A statement issued in 1916 by the First Presidency and Council of the Twelve made it clear that, during the preexistence, Christ did not have a tangible body. “In all His dealings with the human family Jesus the Son has represented and yet represents Elohim His Father in power and authority. This is true of Christ in His preexistent, antemortal, or unembodied state, in the which He was known as Jehovah.” (Messages of the First Presidency 5:31, 32. Also cited in the Encyclopedia of Mormonism 4:720, emphasis mine.)

Speaking in conference in April 1921, Charles W. Penrose, a member of the LDS First Presidency, noted, “The Holy Ghost is a personage of spirit, as Jesus Christ was when he was Jehovah. He was Jehovah from the beginning of the world, according to the history we have in the Old Testament scriptures. He was a personage of spirit, and he came here to the earth that he might be exactly like his brethren and like his Father, and have a body made out of the lower elements of the universe.” (Conference Report, p.12, emphasis mine).

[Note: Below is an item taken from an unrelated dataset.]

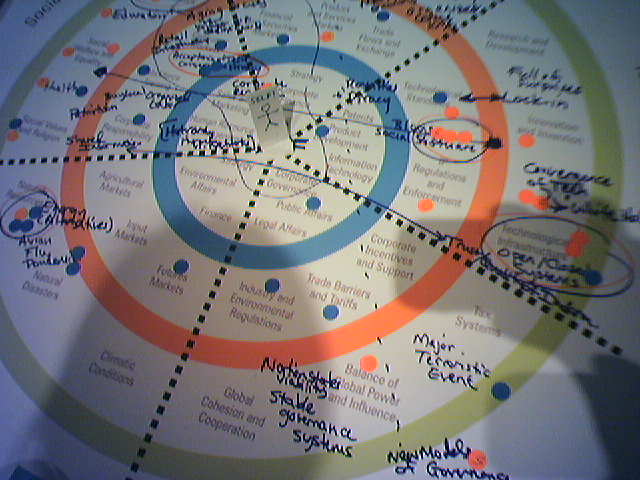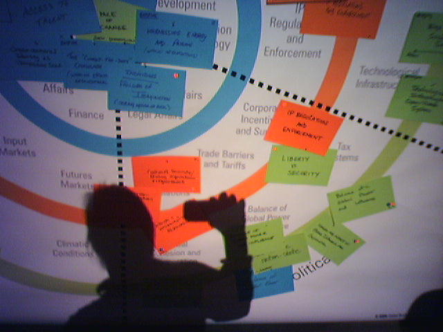 ![]() ![]() ![]() ![]() ![]() ![]() ![]() After my luggage arrived at the W at 2:30am, and then finally getting a few hours sleep, I'm at the Yerba Buena Center for the Arts Forum building to begin the GBN annual forum Navigating The New Realities of Risk. That's me in the last frame with GBN's graphic recorder, Lynn Carruthers. She had just given me a great tip on using baby butt wipes to smooth pastel tones on facilitation diagrams. She said to be sure to wipe in one direction... Eamonn Kelly introduced the day; now, after introductions around our tables (Robert Horn is two chairs away!), Rebecca Weyland and Lawrence Wilkinson are leading the day's activities. - mike lee - san francisco |

In making a similar distinction between the personages of the LDS godhead, Mormon Apostle Bruce McConkie wrote, “The Holy Ghost has not a body of flesh and bones,’ however, ‘but is a personage of Spirit.’ (D&C 130:22.) He is thus a spirit man, a spirit person, a spirit entity. He lives and moves and has his being separate and apart from his fellow Gods. His spirit body is in all respects comparable to the kind of a body that the Lord Jehovah possessed before that beloved and chosen one made flesh his tabernacle by the process of mortal birth.” (A New Witness for the Articles of Faith, pp.253, 254, emphasis mine.)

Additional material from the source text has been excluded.